In this week’s report to investors, Bernstein analysts question whether the company is “philosophically opposed to a low-priced phone” or whether everyone got “head-faked.”
Is Apple a luxury brand?
Analysts Toni Sacconaghi, Hr., Jonathan Cofsky and Eric C. Garfunkel say it’s possible Apple Inc. (NASDAQ:AAPL) considers itself to be a luxury brand similar to Porsche and Bentley. This would mean that it is “philosophically opposed” to offering a less expensive handset. They point to evidence that seems to suggest though that Apple does not see it in this way.
For example, CEO Tim Cook has said in the past that the company is “not just for rich people.” Also the company sees the iPhone as more like the iPod than the Mac in terms of selling it. In addition, Apple management has expressed the importance of the Chinese market. As a result, Bernstein analysts believe that the company will end up developing a less expensive iPhone targeted at emerging markets.

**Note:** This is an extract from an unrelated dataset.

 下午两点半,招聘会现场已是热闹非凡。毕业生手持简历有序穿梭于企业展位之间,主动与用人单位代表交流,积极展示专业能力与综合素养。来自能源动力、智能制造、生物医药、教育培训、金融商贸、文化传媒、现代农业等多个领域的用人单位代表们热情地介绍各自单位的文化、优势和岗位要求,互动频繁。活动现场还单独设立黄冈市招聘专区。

They said the fact that Apple hasn’t already done this could mean that the company just can’t develop a low-cost iPhone that it is “proud of.” Another possibility is that it is so focused on gross margin percentage rather than dollars and “is philosophically obdurate about abandoning its luxury positioning in the market.”

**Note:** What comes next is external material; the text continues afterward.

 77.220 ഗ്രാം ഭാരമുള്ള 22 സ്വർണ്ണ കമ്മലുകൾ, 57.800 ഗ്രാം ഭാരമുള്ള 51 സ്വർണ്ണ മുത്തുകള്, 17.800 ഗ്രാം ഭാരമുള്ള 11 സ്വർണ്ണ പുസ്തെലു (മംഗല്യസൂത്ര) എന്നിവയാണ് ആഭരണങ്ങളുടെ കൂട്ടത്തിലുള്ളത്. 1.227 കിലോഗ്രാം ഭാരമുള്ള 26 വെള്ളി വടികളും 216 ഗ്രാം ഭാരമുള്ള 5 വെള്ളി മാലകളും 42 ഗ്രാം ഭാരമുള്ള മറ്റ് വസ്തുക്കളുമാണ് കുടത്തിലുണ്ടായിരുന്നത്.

Was last week just a “head-fake” from Apple?
The analysts also question whether last week’s unveiling was nothing but a “head-fake” for investors. They said perhaps the timing for the low-cost model just wasn’t right and that maybe waiting “several months” would make more sense. This week a new rumor popped up that Apple was planning another big event for Oct. 15, although that event could be focused on new iPads or other products rather than a truly low-cost iPhone.
For example, they suggest that the distribution agreement between Apple Inc. (NASDAQ:AAPL) and China Mobile might not be fully set just yet even though they both probably want to start selling the device before Chinese New Year starts at the end of January. In addition, production capacity is probably going to be more constrained over the next few months, particularly because Apple has added two new handsets instead of the usual one.
Third, launching a lower-priced iPhone later could make the seasonality that’s part of current iPhone product cycles a little bit easier. And finally, putting off the launch of a less expensive iPhone 4C, as they call it, would make it possible for “Apple to skim higher price, higher margin customers” with the more expensive offering.
What low-cost expectations have done to Apple shares
The Bernstein analysts suggest that only two months ago, investors weren’t widely anticipating either a low-cost iPhone or the addition of major carriers. They believe this is why Apple Inc. (NASDAQ:AAPL)’s shares were trading at between $400 and $450 a share. Then as expectations increased before the announcement of the handsets, so did the company’s stock price.
But now both have gone back down, which they said leaves them with “the same investment case” they had two months ago. They believe that investors who buy Apple Inc. (NASDAQ:AAPL) must believe that it can “innovate and create incremental, new market opportunities for itself,” which they still believe the company can do. They continue to rate Apple Inc. (NASDAQ:AAPL) as Outperform with a $600 per share target price.